Wisconsin Department of Natural Resources officials concluded efforts to trap the black bear involved in a midday attack on a 69-year-old woman in Barron County. The sow and cub involved have not been observed since the attack despite more than two weeks of aggressive monitoring and extended observation since. The DNR, in partnership with the Barron County Sheriff's Office and U.S. Department of Agriculture Wildlife Services, maintained and monitored a series of live traps and game cameras on the property since the attack occurred the afternoon of July 12.
The victim, 69-year-old Karen Frye, was attacked while in the backyard of her rural residence near Comstock. Frye was transported to a nearby hospital for treatment and recovered. Randy Johnson, WDNR’s large carnivore specialist, said officials conducted two weeks of round-the-clock surveillance on the property without additional signs of the sow involved. He said officials trapped and released two boar black bears, two yearling bears and two sows determined to be unrelated to the incident. They also collected a dead sow found along a road about 1.6 miles from the site of the attack, but necropsy results were consistent with injuries from a vehicle collision. There was no evidence of it being the same bear linked to the attack.

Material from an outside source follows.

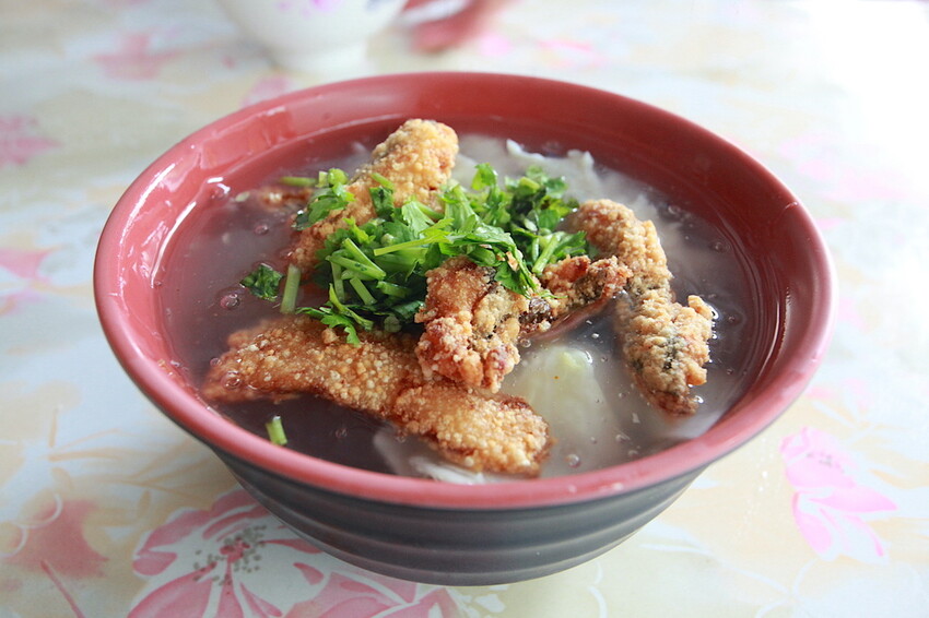 店家羹湯是以虱目魚焿為基底,表面再鋪上𩵚魠魚就完成餐點。

Preliminary investigation findings, including information from the family, suggest the bear exhibited a sustained series of aggressive behaviors toward Frye before the attack. Black bears can behave defensively when feeling surprised, cornered or to protect their food or cubs. True aggressive behavior is both rare and distinctive from defensive behavior. Unfortunately, black bears displaying aggressive behavior are an elevated risk for repeating the behavior. Euthanasia was the DNR’s plan if the sow had been trapped. If the cub had been trapped it would have been relocated and released.
“Humane euthanasia is not always the standard practice in human/bear conflicts,” Johnson said. “Our actions in these types of situations are very carefully determined based upon the totality of the known evidence of each event.”